• Task to carry out: Retype all of the listing exactly, passing over any picture you find.

• Provided material:
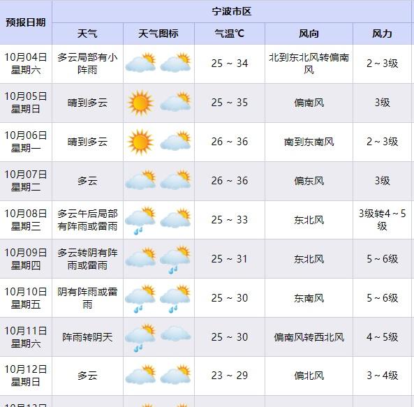 人家都下雪了,宁波人的空调继续开起来,防暑降温! 宁波常年入秋时间是10月4日,也就是说今天本该是迎来秋凉的时候,但今年此时高温依旧肆虐,预计又将有纪录打破(市区往年10月没有出现高温)。明天到7日基本都是多云的天气,中秋节(6日)夜间天况预计还是比较适宜赏月的。不过届时气温又上一个台阶,最高可达36℃以上,高温要到8日才会有所缓解。 近期重点仍然是防暑降温,大家外出要提前做好规划,在户外做好防晒措施并及时补水。
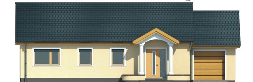 Graficzne opracowanie rzutów poglądowych widocznych na karcie projektu zostało wykonane przez Extradom.pl. Prezentowane przez Extradom.pl wizualizacje wykonane zostały przez autora projektu i należy poczytywać je jedynie za przykład i propozycję wykończenia, wizję architektoniczną autora projektu. Ostateczne wykończenie budynku może nastąpić na wiele sposobów. Szczegółowe rozwiązania zastosowane w oferowanej dokumentacji - w tym również ilość, lokalizacje i wygląd okien, drzwi, kominów - mogą w niewielkim stopniu różnić się od prezentowanej wizualizacji budynku.
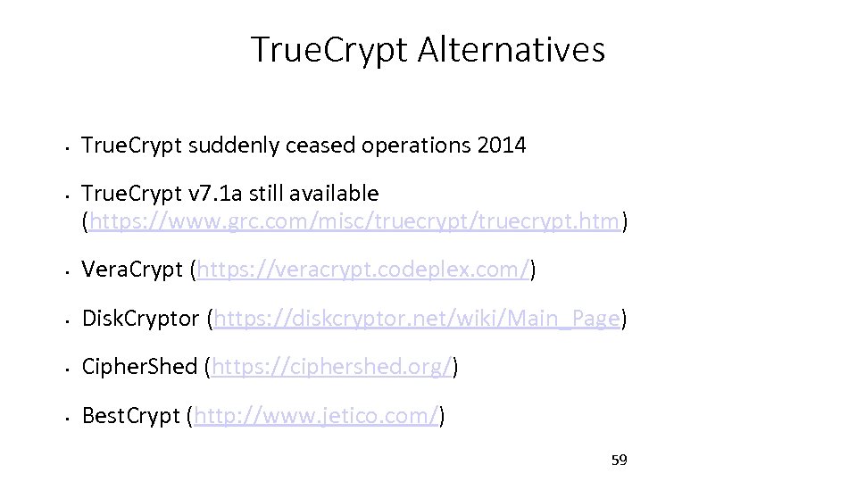 True. Crypt Alternatives • • True. Crypt suddenly ceased operations 2014 True. Crypt v 7. 1 a still available (https: //www. grc. com/misc/truecrypt. htm) • Vera. Crypt (https: //veracrypt. codeplex. com/) • Disk. Cryptor (https: //diskcryptor. net/wiki/Main_Page) • Cipher. Shed (https: //ciphershed. org/) • Best. Crypt (http: //www. jetico. com/) 59
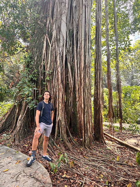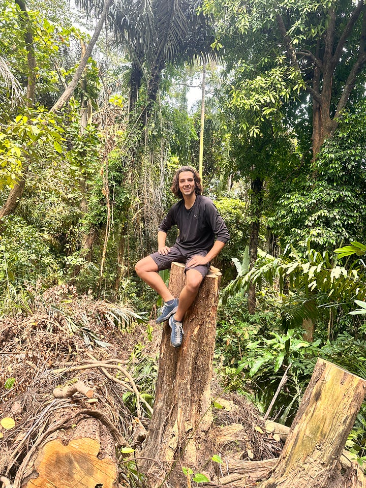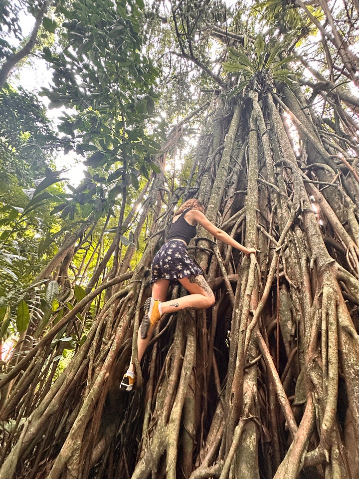 Wir wanderten den ganzen Tag – die Atmosphäre war einfach magisch. ✨ Es gab auch Lianenbäume, auf die ich kletterte – das machte so viel Spaß! Auch wenn ich ausgesetzt im Regenwald wahrscheinlich nicht lange überleben würde, fühlte ich mich in dem Moment eins mit der Natur.

• Task solution:
 人家都下雪了,宁波人的空调继续开起来,防暑降温! 宁波常年入秋时间是10月4日,也就是说今天本该是迎来秋凉的时候,但今年此时高温依旧肆虐,预计又将有纪录打破(市区往年10月没有出现高温)。明天到7日基本都是多云的天气,中秋节(6日)夜间天况预计还是比较适宜赏月的。不过届时气温又上一个台阶,最高可达36℃以上,高温要到8日才会有所缓解。 近期重点仍然是防暑降温,大家外出要提前做好规划,在户外做好防晒措施并及时补水。
 Graficzne opracowanie rzutów poglądowych widocznych na karcie projektu zostało wykonane przez Extradom.pl. Prezentowane przez Extradom.pl wizualizacje wykonane zostały przez autora projektu i należy poczytywać je jedynie za przykład i propozycję wykończenia, wizję architektoniczną autora projektu. Ostateczne wykończenie budynku może nastąpić na wiele sposobów. Szczegółowe rozwiązania zastosowane w oferowanej dokumentacji - w tym również ilość, lokalizacje i wygląd okien, drzwi, kominów - mogą w niewielkim stopniu różnić się od prezentowanej wizualizacji budynku.
 True. Crypt Alternatives • • True. Crypt suddenly ceased operations 2014 True. Crypt v 7. 1 a still available (https: //www. grc. com/misc/truecrypt. htm) • Vera. Crypt (https: //veracrypt. codeplex. com/) • Disk. Cryptor (https: //diskcryptor. net/wiki/Main_Page) • Cipher. Shed (https: //ciphershed. org/) • Best. Crypt (http: //www. jetico. com/) 59
 Wir wanderten den ganzen Tag – die Atmosphäre war einfach magisch. ✨ Es gab auch Lianenbäume, auf die ich kletterte – das machte so viel Spaß! Auch wenn ich ausgesetzt im Regenwald wahrscheinlich nicht lange überleben würde, fühlte ich mich in dem Moment eins mit der Natur.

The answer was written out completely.